As Ambedkar saw it, Buddhism was a reaction to suffering caused by the “constant and

perpetual” conflict of class.13 It stressed, “the relations between people, and not between an

individual and God,” breathing life into the concept of religion which, under other ideologies has

become a stagnant tool for explanation, human interaction “he considered as the real meaning

and significance of a true religion. Which he called Dhamma.”14 Dhamma is a tool for social

teaching—for living, for being. “Dhamma is social,” Ambedkar writes, “It is fundamentally and

essentially so. Dhamma is righteousness, which means right relations between [hu]man and

[hu]man in all spheres of life. From this it is evident that one [hu]man if [s]he is alone does not

need Dhamma. But when there are two [humans] living in relation to each other they must find a

place for Dhamma whether they like it or not. Neither can escape it.”15 He establishes an ideal

with which, his movement can begin to interact. With his idea of the Dhamma, “Ambedkar

rejects the idea according to which religion is a personal affair,” he establishes a social contract

“regulating the relations between humans and their private and public lives.”16

12 Beltz, 102.13 Ambedkar, Dr. B. R. The Buddha and His Dhamma. Delhi: Siddhartha Books. 2009. 57-58.14 Yurlova, Eugenia. “Social Equality and Democracy in Ambedkar’s Understanding of Buddhism.” Reconstructing the World. Ed. Surendra Jodhale and Johannes Beltz.

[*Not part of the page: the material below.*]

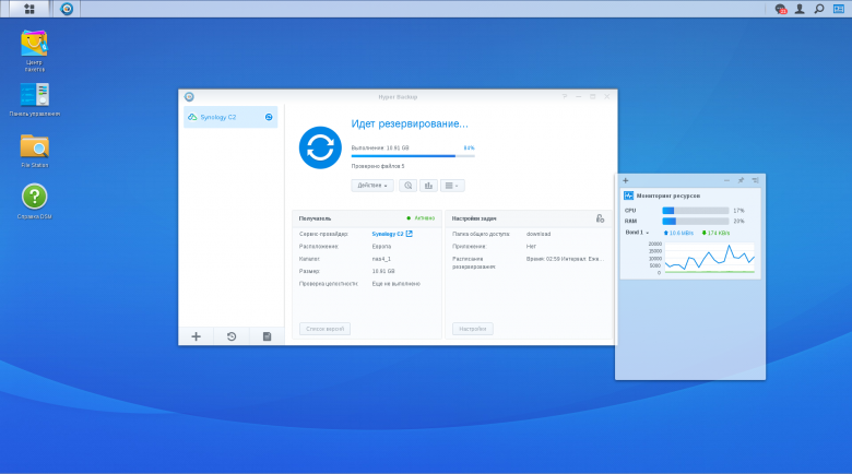 Сервис полностью интегрирован со штатным пакетом Hyper Backup, поддерживает блочный инкрементальный режим, хранение нескольких версий файлов, дополнительное шифрование на стороне приемника, хранение метаданных (в частности, прав доступа), пакетов и конфигураций сетевого накопителя. Кроме того, здесь есть функция контроля целостности архива (проверка возможности восстановления) и средства контроля за объемом.

New Delhi: Oxford University Press. 2004. 81.15 Ambedkar, Dr. B.R. The Essential Writings of B.R. Ambedkar. Ed. Valerian Rodrigues. New Delhi: Oxford University Press. 2002. 59.16 Gokhale, Pradeep P. “Universal Consequentilism: A Note on B. R. Ambedkar’s Reconstruction of Buddhism with Special Reference to Religion, Morality and Spirituality.” Reconstructing the World. Ed. Surendra Jondhale and Johannes Beltz. New Delhi: Oxford University Press. 2004. 126.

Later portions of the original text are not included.